Because the arising optimisation problem will be surely very difficult to be solved,
it will be time-consuming to implement properly the theoretical ideas and make them work.
Some meeting by the junior and/or senior with tester partners will be needed to fix
final difficulties on the software. At month 30 the Callable library must be embedded
in τ-ARGUS, one of the overall deliverable of the CASC-project,
and all the new difficulties arising will be solved until month 35.
In the mean time we will write and distribute scientific paper containing the main
ingredients of the developed methodologies.
The complete portability of the code to different computer with different operation
systems (and C compilers) will be ensured. The programming work will be done on
compatible PC computers, and will be extensively tested against programming errors
by using professional debuggers and memory checker software (Purify).
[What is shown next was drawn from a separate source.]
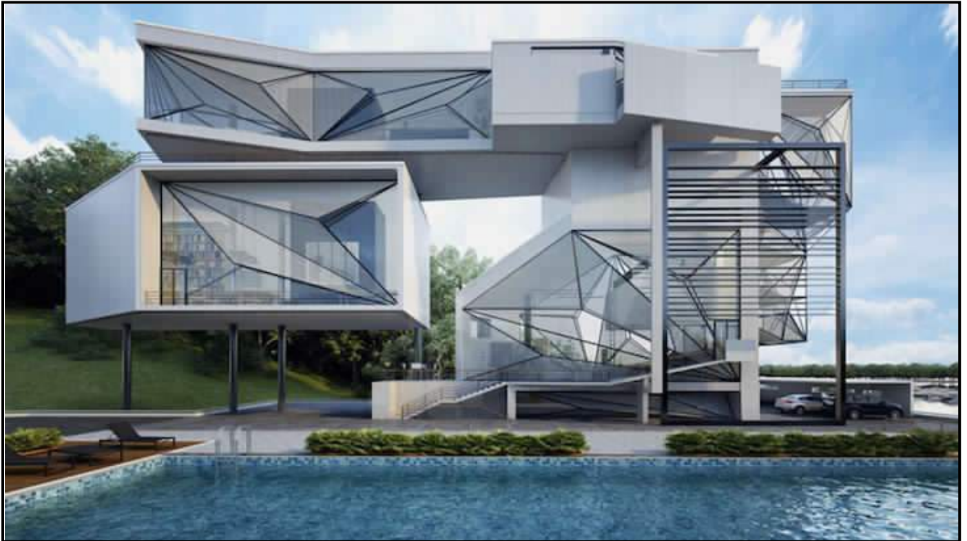
FIGURE 8a: Carlo Enzo (Urban Office), Villa for an Aviator (Pilot) , recycled aeroplane parts, 2016.

Linear programming relaxations of ILP models will be solved by using and external
robust (commercial) LP-solver. The good performance of the final software highly
depends on the data structure adopted to store internally the input table and the
relevant information. Alternative data structures will be proposed and compared
computationally on the SDC-lib instances collected from our partners; these instances
which will also be used for code testing during all the programming phases.
Closer those instances are to the real-world instances, better performance would have
our software. Therefore this work strongly needs appropriated (small, medium, and large
sizes) tables from our partners.
During the last part of our work we will be listening and incorporating all
the corrections and suggestions that our partners testing our software will give us.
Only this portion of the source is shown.